Alzheimer’s disease (AD) is the most common neurodegenerative disease and is characterized by neurodegeneration and cognitive deficits. Amyloid beta (Aβ) peptide is known to be a major cause of AD pathogenesis. However, recent studies have clarified that mitochondrial deficiency is also a mediator or trigger for AD development. Interestingly, red ginseng (RG) has been demonstrated to have beneficial effects on AD pathology. However, there is no evidence showing whether RG extract (RGE) can inhibit the mitochondrial deficit-mediated pathology in the experimental models of AD. The effects of RGE on Aβ-mediated mitochondrial deficiency were investigated in both HT22 mouse hippocampal neuronal cells and the brains of 5XFAD Aβ-overexpressing transgenic mice.

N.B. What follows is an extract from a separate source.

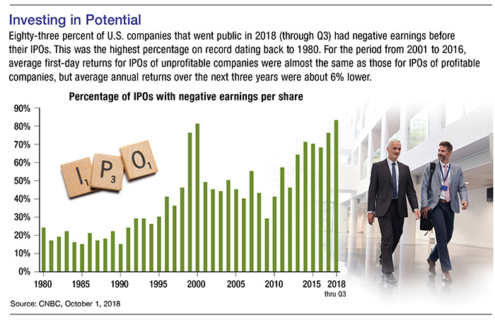 A young company may have a limited track record, and an established one might have to disclose more information to investors after it becomes publicly traded. If you’re interested in the stock of a newly public company, you should have a relatively high risk tolerance, because shares can be especially volatile in the first few months after an IPO. You might consider waiting until you can evaluate at least two quarters of earnings. Careful research is important for all investments, but recent IPOs may require a higher level of scrutiny.

To examine whether RGE can affect mitochondria-related pathology, we used immunohistostaining to study the effects of RGE on Aβ accumulation, neuroinflammation, neurodegeneration, and impaired adult hippocampal neurogenesis in hippocampal formation of 5XFAD mice. In vitro and in vivo findings indicated that RGE significantly improves Aβ-induced mitochondrial pathology. In addition, RGE significantly ameliorated AD-related pathology, such as Aβ deposition, gliosis, and neuronal loss, and deficits in adult hippocampal neurogenesis in brains with AD. Our results suggest that RGE may be a mitochondria-targeting agent for the treatment of AD.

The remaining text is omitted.